Content area
Full text
The Cell Broadband Engine(TM) processor employs multiple accelerators, called synergistic processing elements (SPEs), for high performance. Each SPE has a high-speed local store attached to the main memory through direct memory access (DMA), but a drawback of this design is that the local store is not large enough for the entire application code or data. It must be decomposed into pieces small enough to fit into local memory, and they must be replaced through the DMA without losing the performance gain of multiple SPEs. We propose a new programming model, MPI microtask, based on the standard Message Passing Interface (MPI) programming model for distributed-memory parallel machines. In our new model, programmers do not need to manage the local store as long as they partition their application into a collection of small microtasks that fit into the local store. Furthermore, the preprocessor and runtime in our microtask system optimize the execution of microtasks by exploiting explicit communications in the MPI model. We have created a prototype that includes a novel static scheduler for such optimizations. Our initial experiments have shown some encouraging results.
INTRODUCTION
The Cell Broadband Engine** (BE) processor1 is an asymmetric multicore processor that combines a general-purpose IBM PowerPC* processor element (PPE) and eight synergistic processor elements (SPEs).2 From an architectural standpoint, this processor has a high peak performance because the SPE is simpler and more efficient than general-purpose processors in terms of the micro and memory architecture.3 One architectural aspect is the small high-speed local store at each SPE. Because the size of the local store is limited to a range of L2-cache sizes-256 KB for the first-generation Cell BE processor-many real-world applications do not fit in the local store.

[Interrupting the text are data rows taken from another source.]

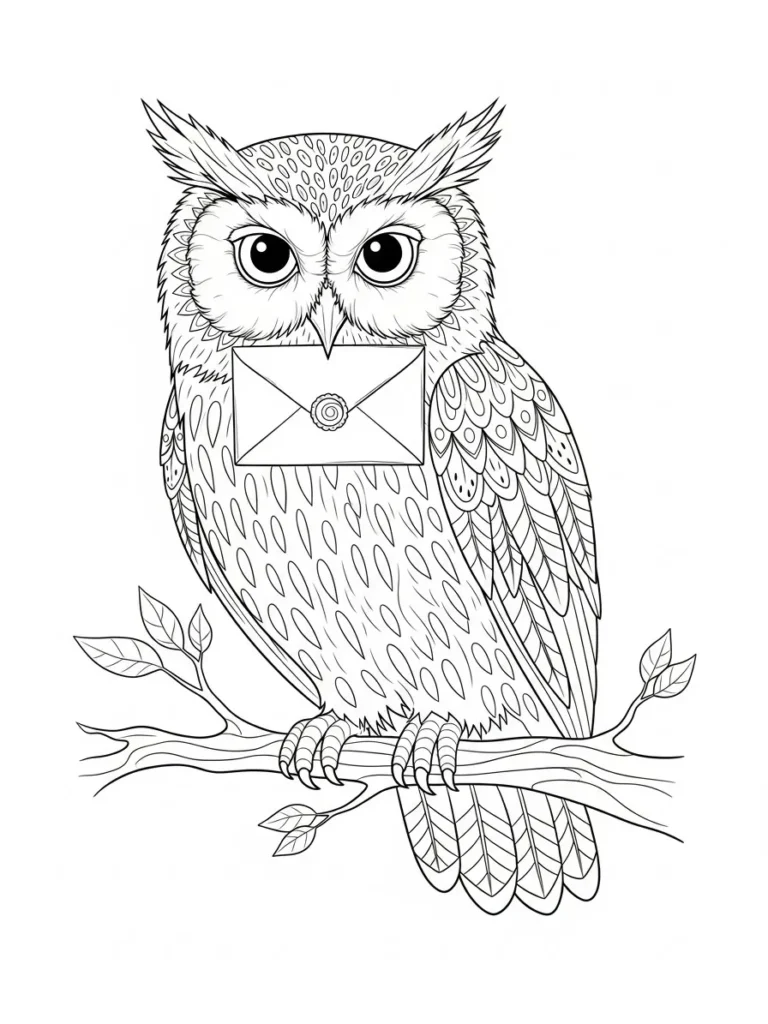 This coloring page features a wide eyed owl perched on a branch, carefully holding a sealed letter in its beak. The owl’s feathers are beautifully layered with soft patterns and gentle curves that give it a cozy, friendly look. Large expressive eyes take center stage, while the wings and tail feathers offer plenty of detail for careful shading. The clean smooth line work keeps everything clear and balanced, making the design feel calm and inviting.
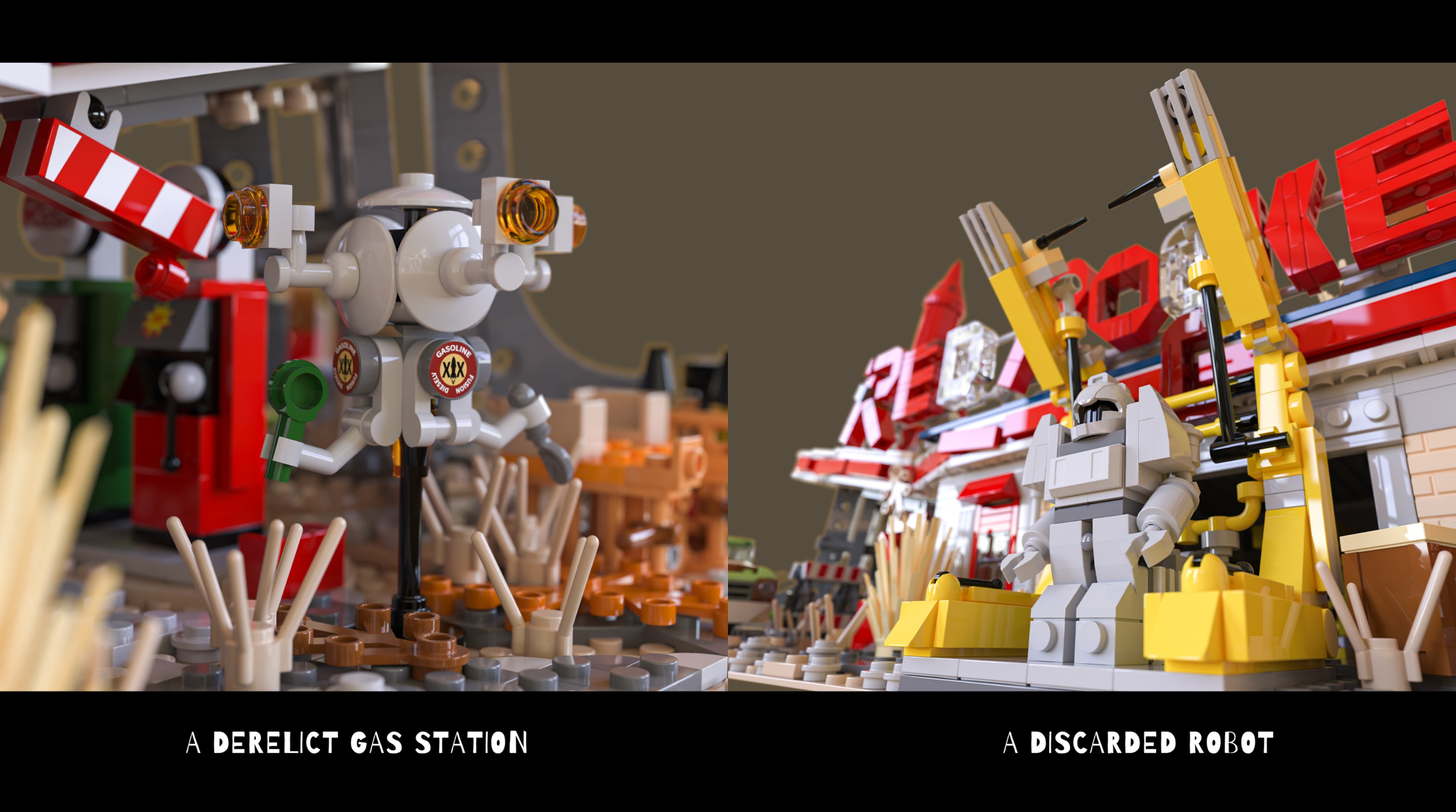What truly sets this set apart is its thoughtful functionality and immersive details. The modular design lets you lift the roof and remove side panels to explore a fully realized interior, complete with a brick-built service counter, shelving units, and a small nook that evokes the idea of a weary traveler stopping for a refill. Exterior details are equally intentional: tiny gas pumps with textured nozzles, a scattered array of toolboxes and fuel cans, and a small, weathered vehicle accessory at the pumps add layers of storytelling. The set also includes a base with textured “asphalt” and sparse, spiky vegetation pieces that ground the scene, making it feel like a genuine roadside stop in the wasteland. Even the small touches, like a tattered flag and a discarded robot arm leaning against the wall, add depth without cluttering the design.
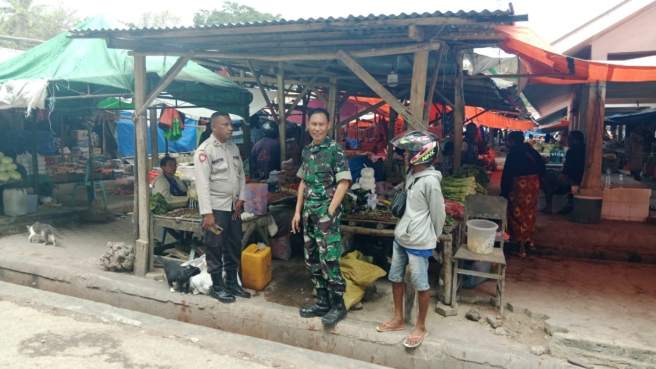 Babinsa Kodim 1621 TTS Bersama Bhabinkamtibmas Polres TTS Komsos Di Pasar Boibalan Niki Niki
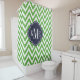 Cortina Para Chuveiro Monograma verde e Marinho Chevron
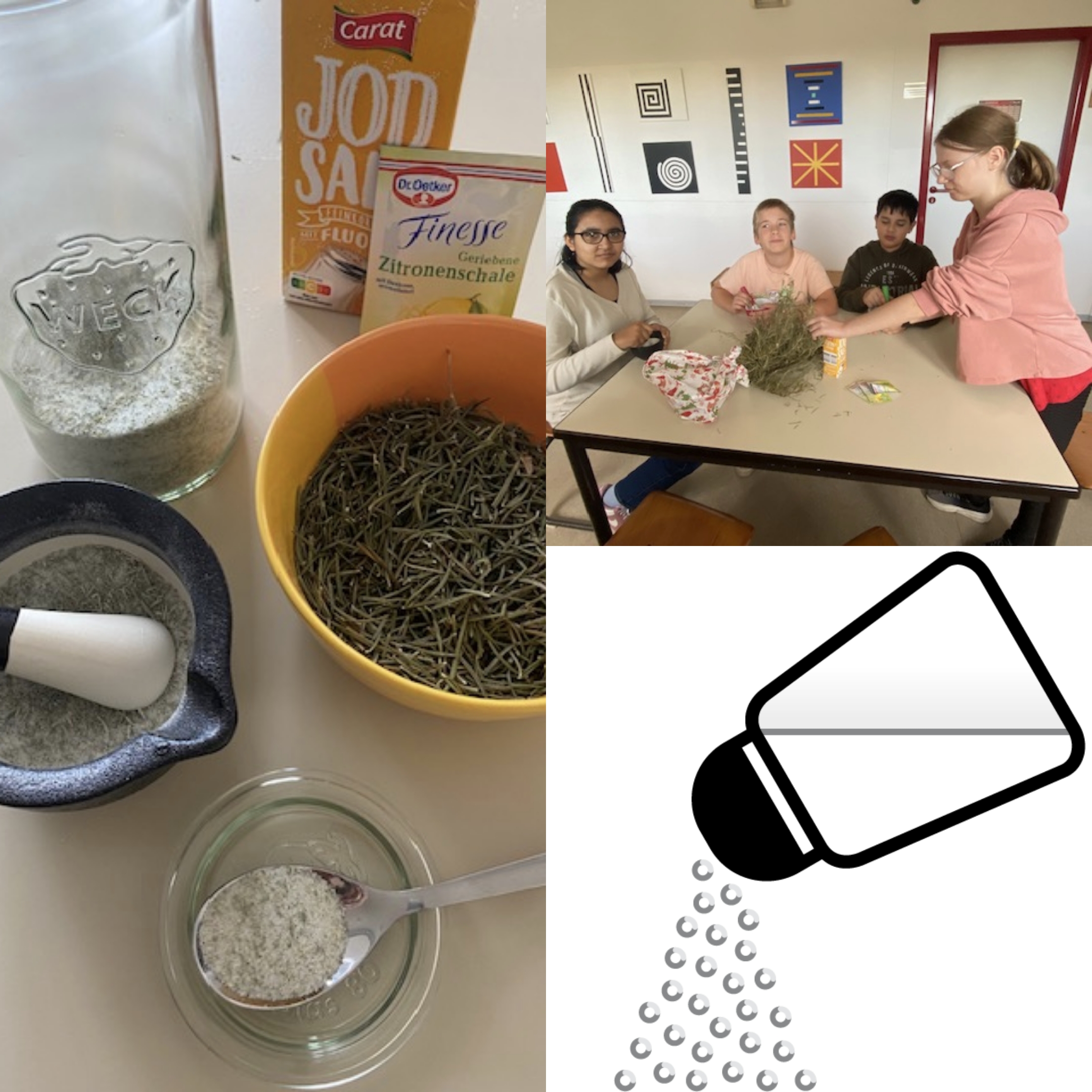 Am 25.09.2025 arbeiteten die SchülerInnen der Klasse M7a fleißig mit dem Mörser. Sie zerkleinerten Rosmarin, um ein leckeres Gewürzsalz herzustellen.
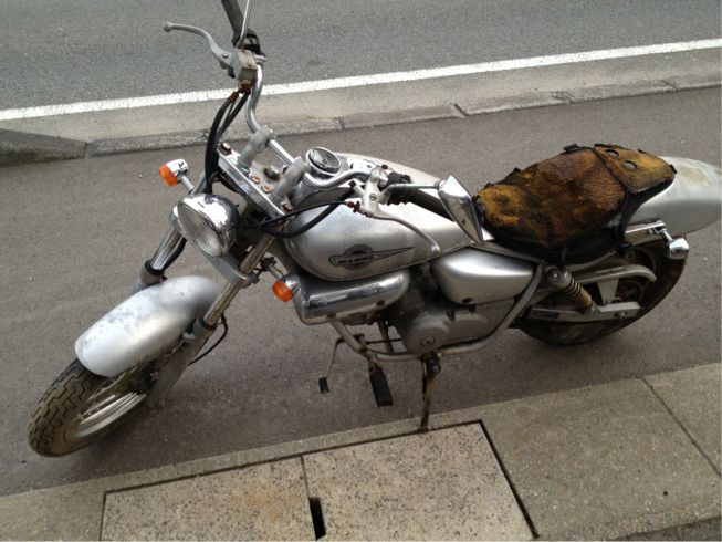 シートx、リヤフェンダーx、あちこちサビサビ、おまけに鍵も紛失されててありません。タンクも実質使用不能。
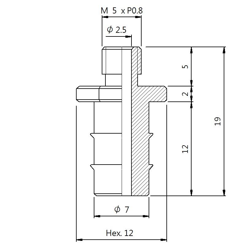 真空螺絲-外牙Y型 螺牙 M5 - 盤面 7 - 高度 19 (A5Y-121)
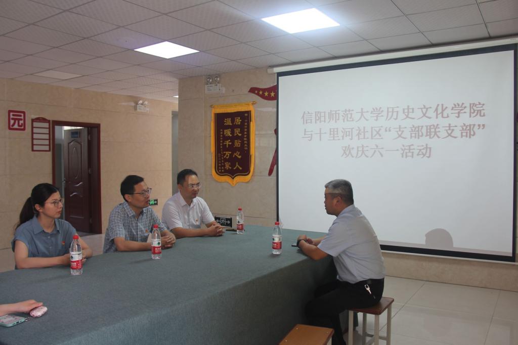 在六一儿童节到来之际,awc777万象城娱乐官网党委于5月31日赴信阳市浉河区十里河社区开展“支部联支部”暨欢庆六一活动,学院党委书记李辉、党委副书记韩志宏及师生党员代表参加。
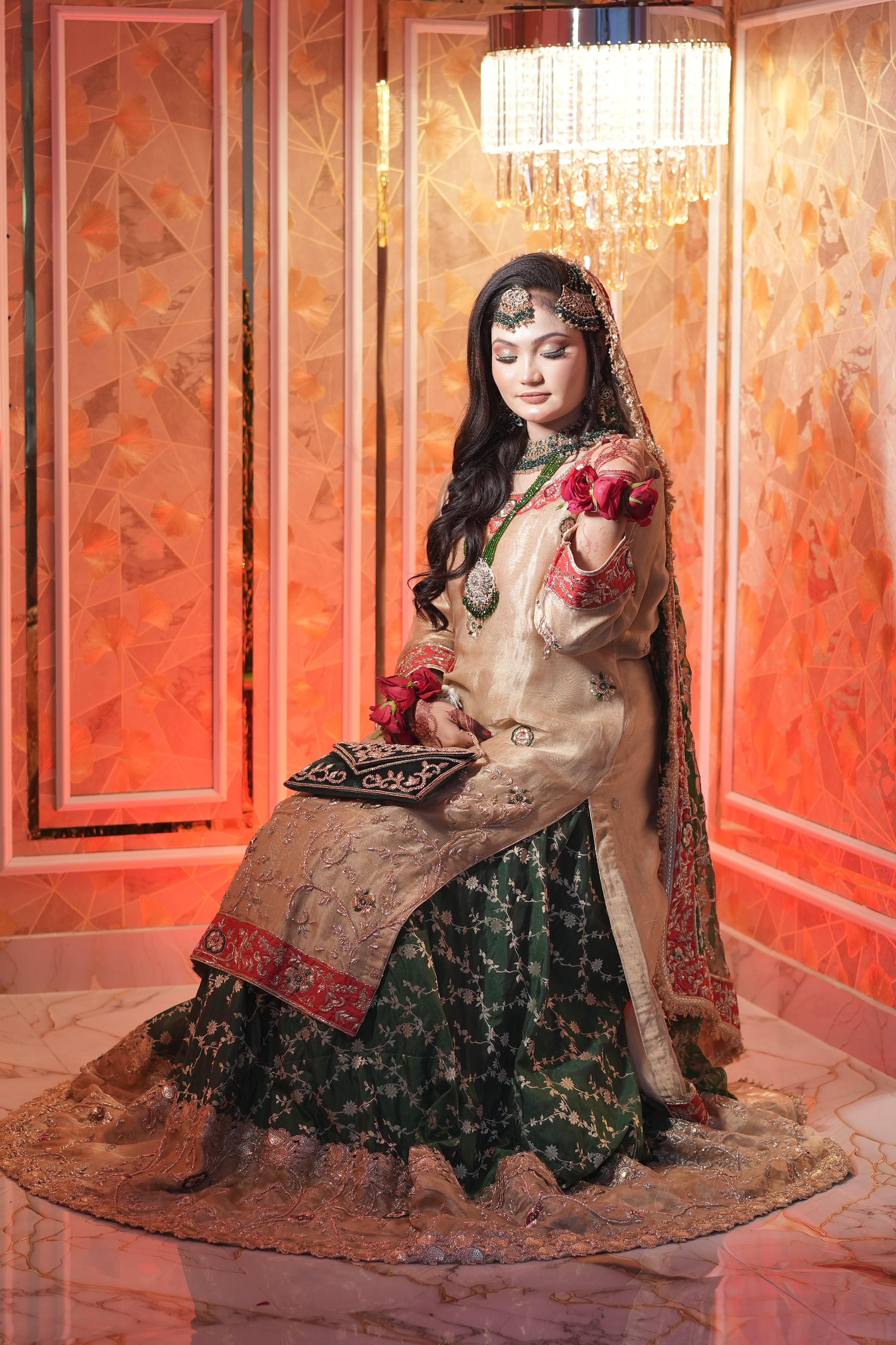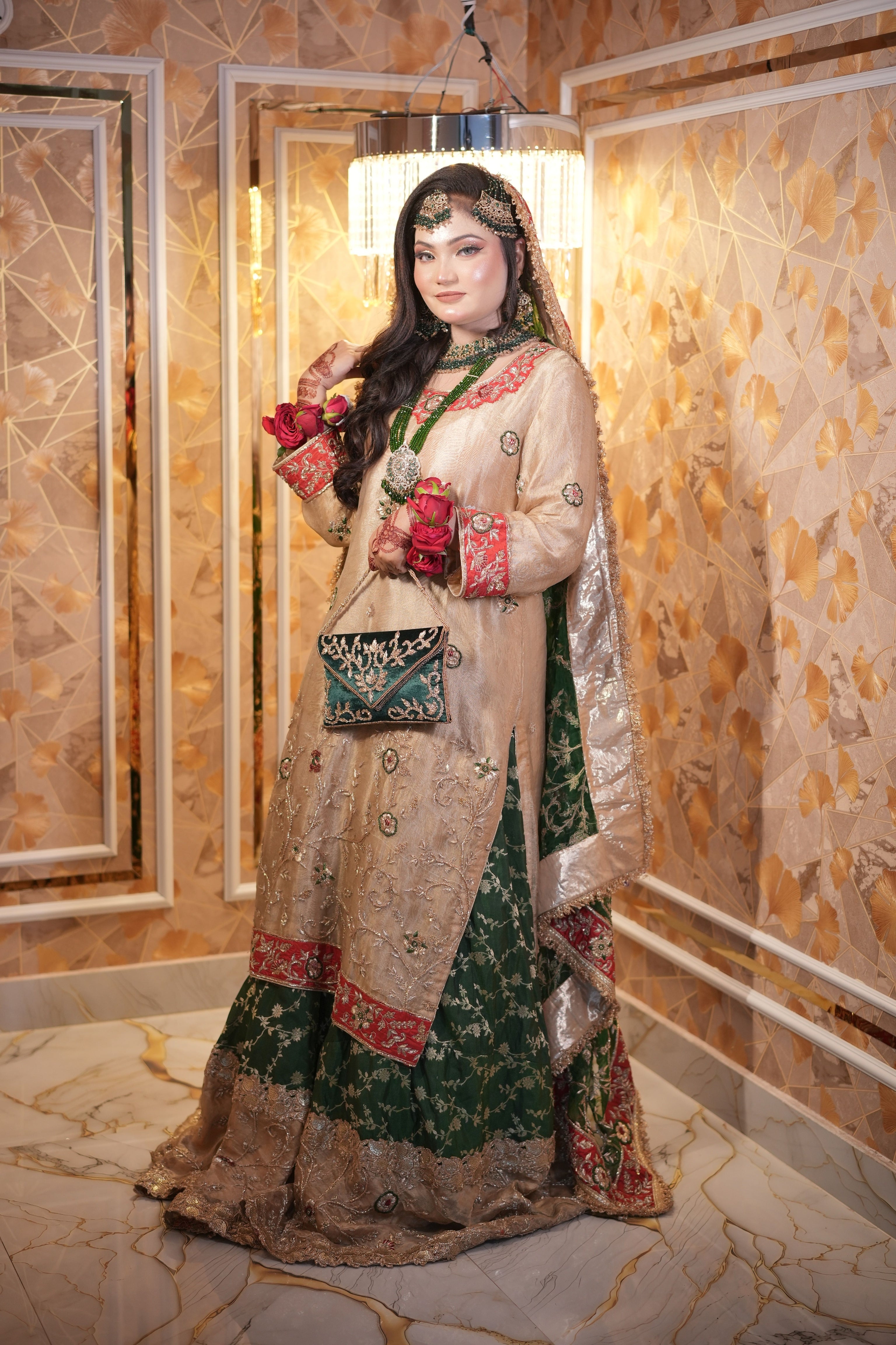👑 Royal Bridal Look – Ideal for wedding ceremonies, receptions, and special occasions.

While conventional microprocessors have a hardware cache to manage such a small local store, the Cell BE processor must rely on a software mechanism to manage it. This requirement for software management could impose significant challenges to programmers, but at the same time it offers significant opportunities for the software to take advantage of the raw performance of the Cell BE processor.
The microtask we propose here provides a programming model that frees programmers from local-store management and enables the preprocessor and runtime system to optimize the scheduling of computations and...